Let's be clear: a 4% slide in gold is not a sign of weakness for your stack. It's a calculated shakeout by the paper markets, using the convenient narrative of Middle East escalation fueling inflation and rate-hike concerns. This is classic Wall Street misdirection designed to scare the weak hands. For anyone holding physical, this isn't a problem, it's a discounted entry point for those looking to acquire more real wealth at a temporarily suppressed spot.
The talking heads are linking a geopolitical event to inflation, which then supposedly mandates higher rates, making gold less attractive. This is the textbook, academic explanation. But what they're missing is the real inflation already baked into the system, the inflation that makes physical gold a necessity, regardless of short-term rate hikes. Rate hikes, especially if they lag behind actual inflation, mean nothing for your real purchasing power. We saw this in the 1970s; gold performed robustly even with rising nominal rates because real rates remained deeply negative due to rampant inflation.
A single-day drop of this magnitude, pushing spot down to around 4240.5 from what was likely over 4400 earlier, is significant on paper. We haven't seen a single-day move this large since the initial panic of March 2020. But what happened immediately after March 2020? Gold went on to hit new all-time highs. These sudden corrections are healthy, cleaning out speculative long positions on the COMEX and resetting the board for the next leg up. The gold-silver ratio is currently at 62.8:1. If silver holds up better or recovers faster than gold, that ratio could compress, indicating silver's relative strength.
While the paper market does its dance, the physical market tells a different story. Dealers are likely seeing increased buying interest on these dips.
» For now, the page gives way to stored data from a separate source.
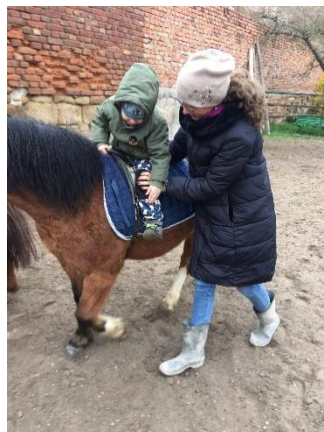
Obrázek 17 – cvik zavázání tkaničky
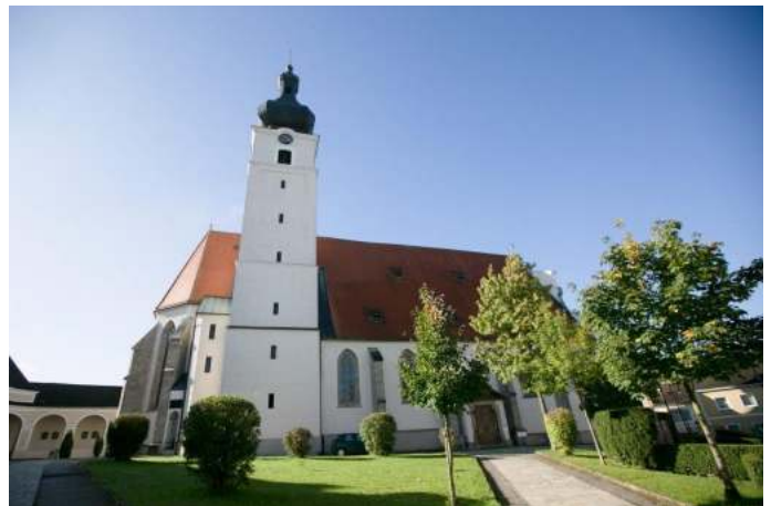
Wallfahrtskirche Mank
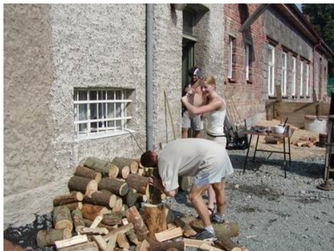
Udělal snad nějakou chybu v sehrávce?

Samozřejmě, že v losovaném páráku záleží mnoho na tom, jak dobrého a především příjemného partnera si vylosujete. Ti co měli drsnějšího partnera se vystavovali nebezpečí různých postihů.
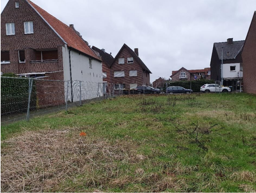
Blick auf die Planfläche von Südosten
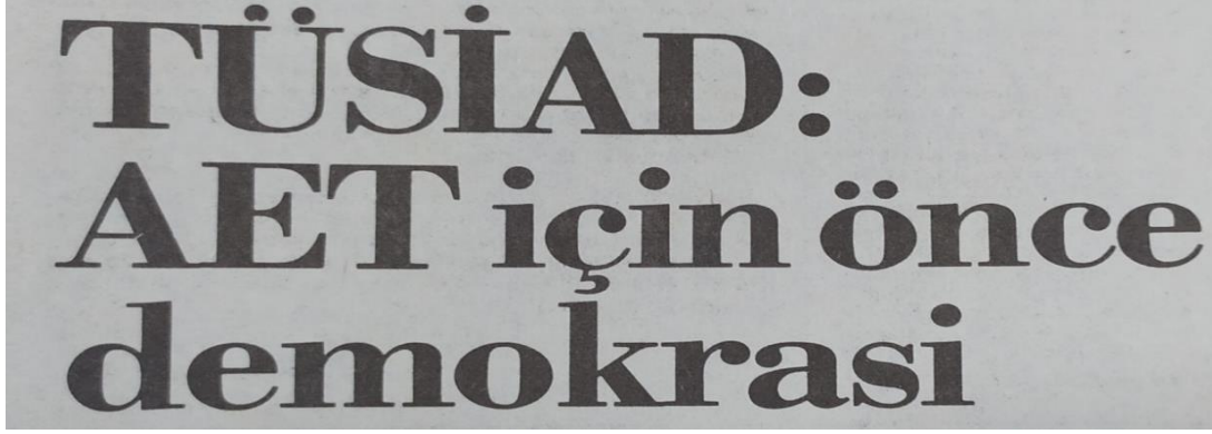
Görsel 4. TÜSİAD: AET İçin Önce Demokrasi”
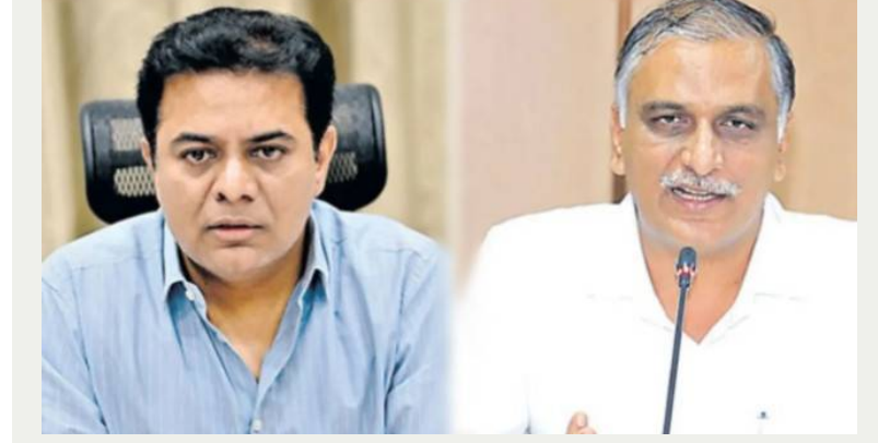
కరీంనగర్, జై భీమ్ న్యూస్

కరీంనగర్లో గంగుల కార్యాలయం వద్ద బీజేపీ కార్యకర్తల దాడి కౌశిక్ రెడ్డి ఫోన్ చేసిన కేటీఆర్ ప్రజాస్వామ్యంపై దాడి అన్న హారీశ్ రావు
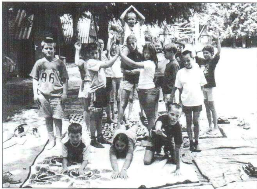
Testünkön épül a vár.
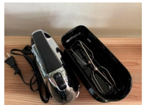
ハンドミキサー 1 台
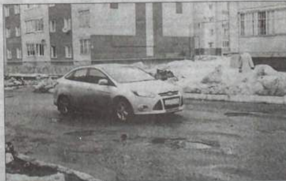
Из-за ям машина – на встречной полосе.

образуются ямы и выбоины, но этой весной их действительно очень много. Причин несколько. Первая: в этом году природа в пять раз более интенсивно испытывает дороги на прочность: если в обычные годы переходов температуры «через ноль» бывает около десяти, то этой весной их было уже около 60. Именно при колебании температуры в районе нуля происходит оттаивание снега и снова замерзание, что сказывается самым неблагоприятным образом на состоянии дорог. Ведь, когда вода замерзает, она увеличивает свой объем и с огромной силой давит на окружающий ее материал, в результате появляются трещины, колдобины и ямы. К тому же эта зима была многоснежной, сейчас происходит обильное таяние. Вода попадает в асфальт, ночью она замерзает и тем самым разрушает покрытие. Вторая причина, и, наверное, самая главная, – хронический недоремонт дорог. На те средства, которые нам ежегодно выделяются, мы можем выполнить лишь ямочные работы, а городские дороги уже давно нуждаются в капитальном ремонте. Срок эксплуатации верхнего слоя асфальтобетона не больше пяти-семи лет. По сути, все дороги нужно перекрыть раз в семь лет. Так что городским дорогам давно нужен капитальный ремонт, но на него в бюджете попросту нет денег. Поэто-
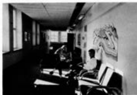
Korridoren har ändrat utseende - och även de som finns i den
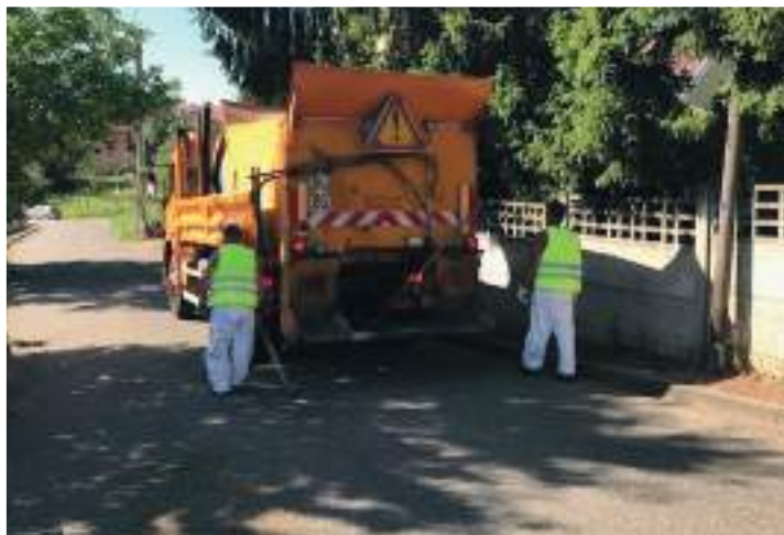
Vérification de la puissance d'éclairage, 198 LUX au sol, soit 25% de plus, mais les projecteurs sont neufs et donc exempts de poussières.

Cette technique est indispensable pour maintenir en état les chaussées et éviter ainsi qu'elles ne se dégradent trop rapidement après les périodes de gels en hiver ou des périodes de sécheresse engendrant de facto des coûts de réparation beaucoup plus élevés
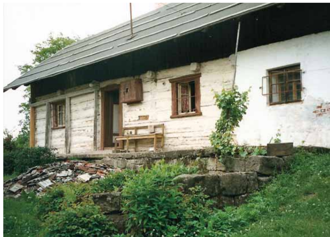
V době, kdy jsme slavnou filmovou chaloupku v Českém ráji vypátrali, se její majitelé chystali opravit střechu.

Dalo dost práce - příjemně, zkoumat, kde se která scéna natáčela. Při příští návštěvě Českého ráje máme v plánu přejít kamenný můstek v Podsemíně, přes který jezdili Vašek a Luboš na nákupy. Kráček - Smišené zboží - se nachází ve Vesci (památkové rezervaci lidové architektury nedaleko Sobotky proslavené spisovatelem, básníkem a dramatikem Fráňou Šrámkem), stejně i poštovní schránka, do níž chtěla Anna vhodit dopis adresovaný matce. Neučinila tak, protože posádka Máni (jednou „chcípala“, podruhé „našla zastavit“...), která měla krátký žebřík a tudíž nemohla zachránit Luboše načapaneho na Dračím zubu, Annu informovala o Lubošově odjezdu. „Vodníková studna“ je u filmové chaloupky, jejíž součástí je stodola, odkud Anna zběsile vyrazila na kole za Lubošem, jenž visel na skále. Studna, pod kterou unesl děda Vaška, jenž v ledové vodě složil zkoušku odvahy a stal se „pašákem“, byla fiktivní. Postavili ji tam filmaři pro natáčení, tlak vody obstarávalo skryté čerpadlo.
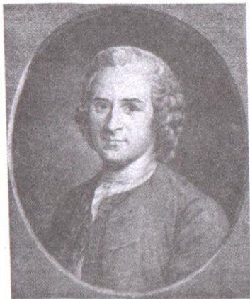
Жан Жак Руссо
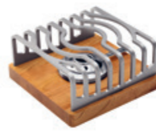
Rechaud* Modern ● Silber/Kirschholz 32098
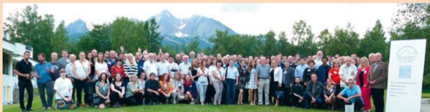
Společné foto účastníků Otevřeného geologického kongresu 2017
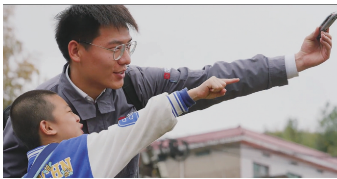
微电影《山那边》截图。

有这样的一个工作岗位,他关系着地铁系统的中枢神经,用匠心“照亮”出行路。他们在一线平凡岗位上,做“坚守初心”的不平凡人,彰显出中车人的优秀品质。
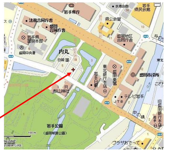
所在地:盛岡市内丸 1-42

緑の相談室様では、岩手県が推進する「自然と共生、環境を基調とする社会」を実現するため、緑化に関する色んな相談事への対応や、自然資源を活用したまちづくりの推進のため、岩手公園などの管理受託等の活動をされています。
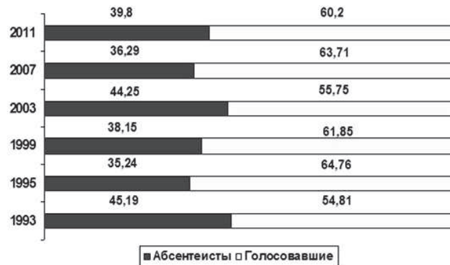
Рисунок 2. Участие россиян в выборах Государственной Думы Федерального собрания РФ (% от внесенных в списки для голосования) [8, с.127]

Получить представление о явке на парламентские выборы в России позволяют данные Центральной Избирательной комиссии РФ (рисунок 2).
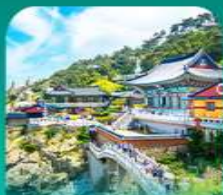
วัดแฮดงจงกุงซา

เที่ยวปูซานแบบแกรนด์ แกรนด์ ทั้งสายอาร์ท สายบู และสายช้อปปิ้ง • เช็กอินแบบถ่ายรูปสุดคลาสเซอร์ฟ ท์ทำเรื่องจิมิน (BUSAN BUWEZIA) เดินเล่นหมู่บ้านคิมชอน ชายเคอร์รี่แห่งปูซานสุดน่ารัก พลาดไม่ได้กับการนั่งรถไฟปูซาน • เสริมสิริมงคลที่วัดแห่งของกุงซา วัดริมทะเลชื่อดัง พร้อมช้อปปิ้งที่ตลาดพัชร์น็อมเจ้าที่เลิศ และตลาดนัมโพคง ก่อนปิดท้ายด้วย ย่านวีอรัมสุดชิค ซอ มยอง ออเนิว พร้อมชมวิวสะพาน ควังอินยามค่าสินสุดโรแมนติก
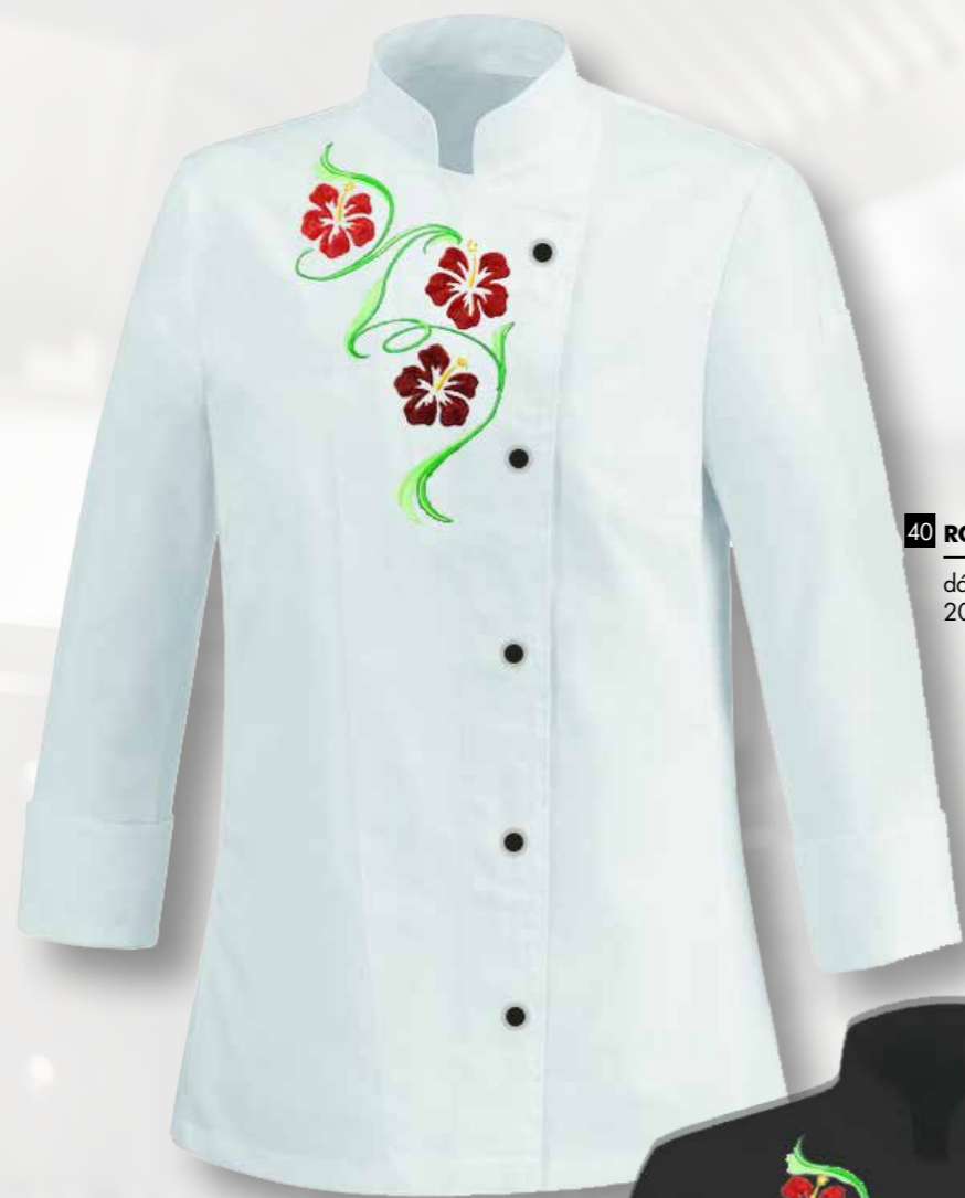
40 RONDON S VÝŠIVKOU KVĚTINY BÍLÝ 90 bodů

dámský pracovní rondon, bavlna/polyester/lycra, 205g
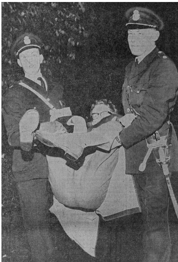
Fig. 1. Polisen bär bort en aktivist vid den första ambassadaktionen.

hade polisen redan spärrat av ambassadområdet. Aktivisterna valde därför i stället att slå sig ner mitt i korsningen Villagatan/Östermalmsgatan. Där fick de sitta en stund innan polisen beordrade dem att flytta upp på trottoarerna så att trafiken inte hindrades. De flesta lydde, men en del vägrade och blev därför ivägburna av polismännen. Ytterligare ett par ungdomar greps när de försökte ta sig runt poliskedjorna genom de villatradgårdar som omgav ambassaden. Efter två timmar var aktionen över. 73
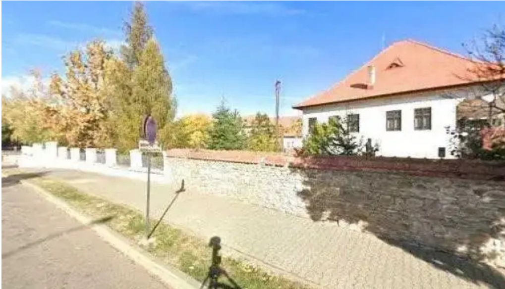
Muzeul memorial nicolae iorga street view si 360deg
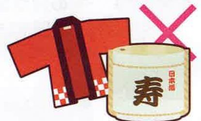
お祭りへの寄附や差し入れ
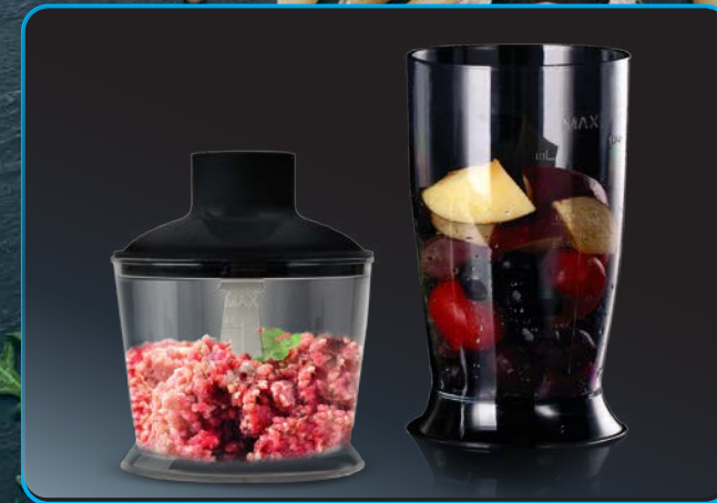
Чаша для измельчения и стакан для смешивания
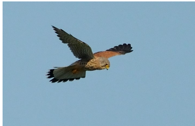
Een biddende torenvalk

In de weilanden rondom de visput is er voor de torenvalk meer dan genoeg eten te vinden!
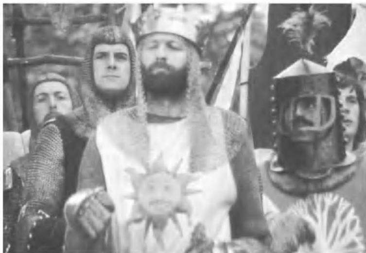
Артур и его рыцари в фильме «Монти Пайтон и Святой Грааль»
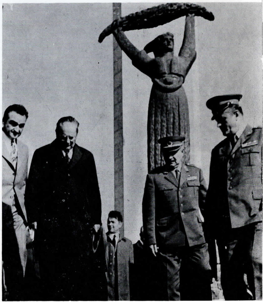
Пред Спомен-костурницата на паднагите борци во НОВ во Куманово
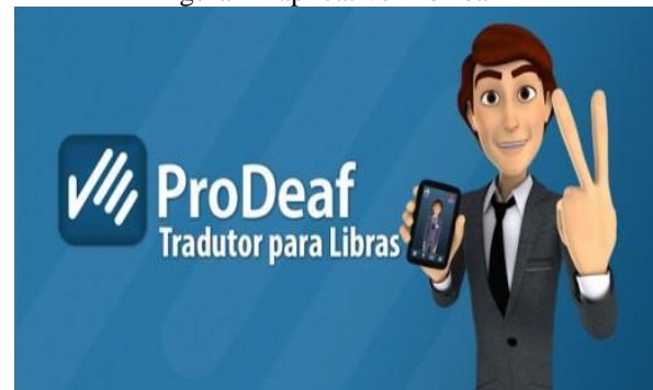
Figura - 4 aplicativo ProDeaf
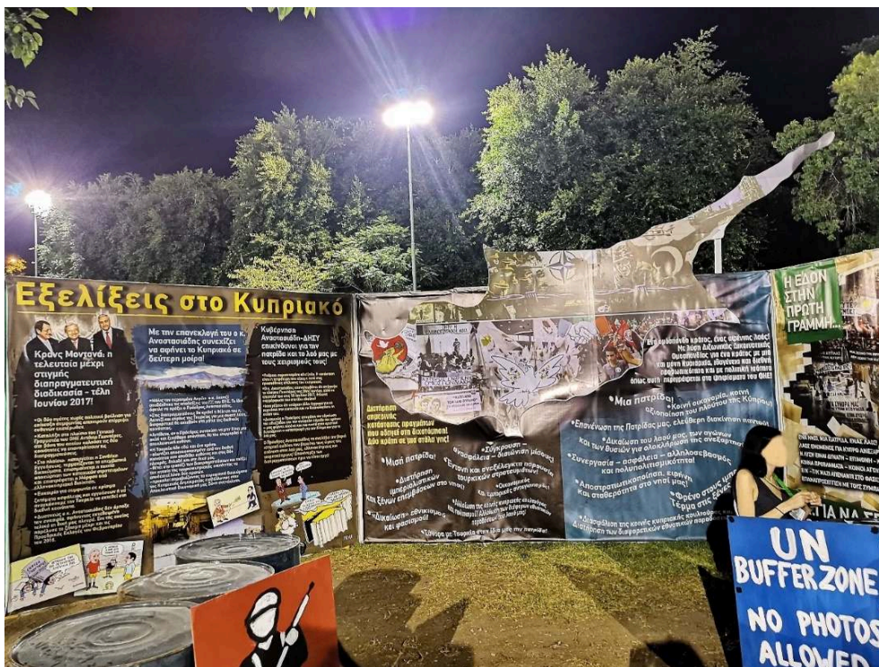
Fresques du festival de la jeunesse communiste à Nicosie Sud Marie Pouillès Garonzi, 2018
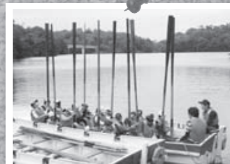
オールを立てて、さあ出発！
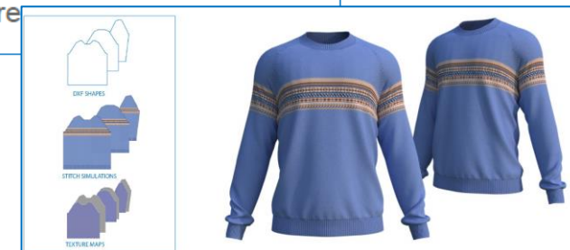
e.g. 3D render made with V stitcher by Browzwear
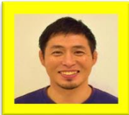
KIDSバランス ※専任講師

Kidsバランスとは「体力」を基本とし体幹を鍛えるトレーニングを通して「生きる力」を育てま
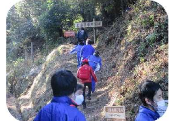
第1回 つながるころウォーキング
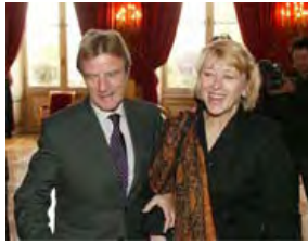
Interdiction des mines anti-personnel: entretien de Bernard Kouchner avec Mme Jody Williams à l'occasion des Rencontres Internationales Cinéma Vérité
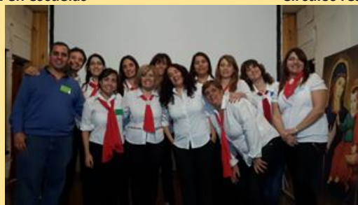
Parte del equipo nodo Mendoza, después de una “degustación ESPERE” simultánea con 80 personas.
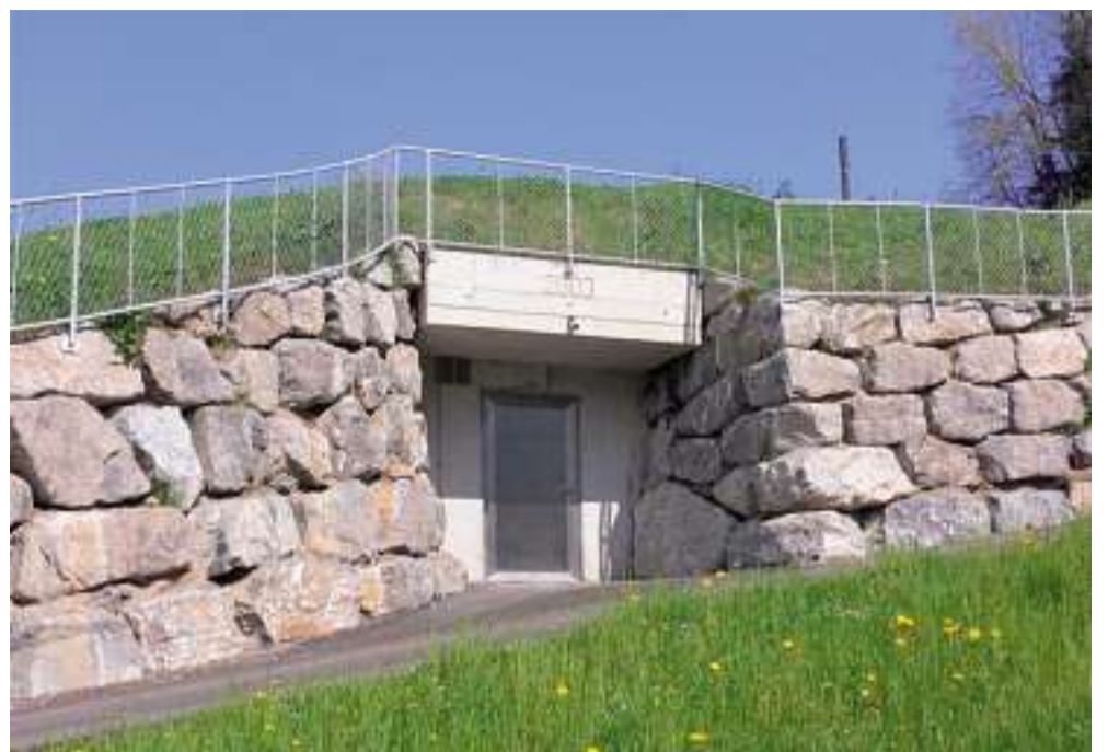
Eingang zum neuen Reservoir Chrummen

Wichtige Informationen und der Veranstaltungskalender werden auf der Maseltranger Homepage dauernd aktualisiert. Überzeugen Sie sich selber - und surfen Sie auf der Internetseite von www.maseltrangen.ch . Sie werden staunen.

Premiums on physical oz will hold firm, if not tick up, as savvy stackers use these moments to add to their holdings. You're not selling your gold to COMEX speculators at 4240.5. You're holding real wealth, disconnected from their fear-mongering and algorithms. The underlying fundamentals of endless money printing, escalating national debt, and persistent geopolitical instability haven't changed. In fact, the very "Middle East escalation" they cite as a reason for gold to fall is precisely why you need gold as insurance.
Watch the Fed's rhetoric carefully, but don't get caught up in their theatrics. Pay more attention to the actual inflation data, not just the headlines, and keep an eye on the physical demand indicators from mints and refiners. The long-term trend for physical gold and silver remains undeniably up.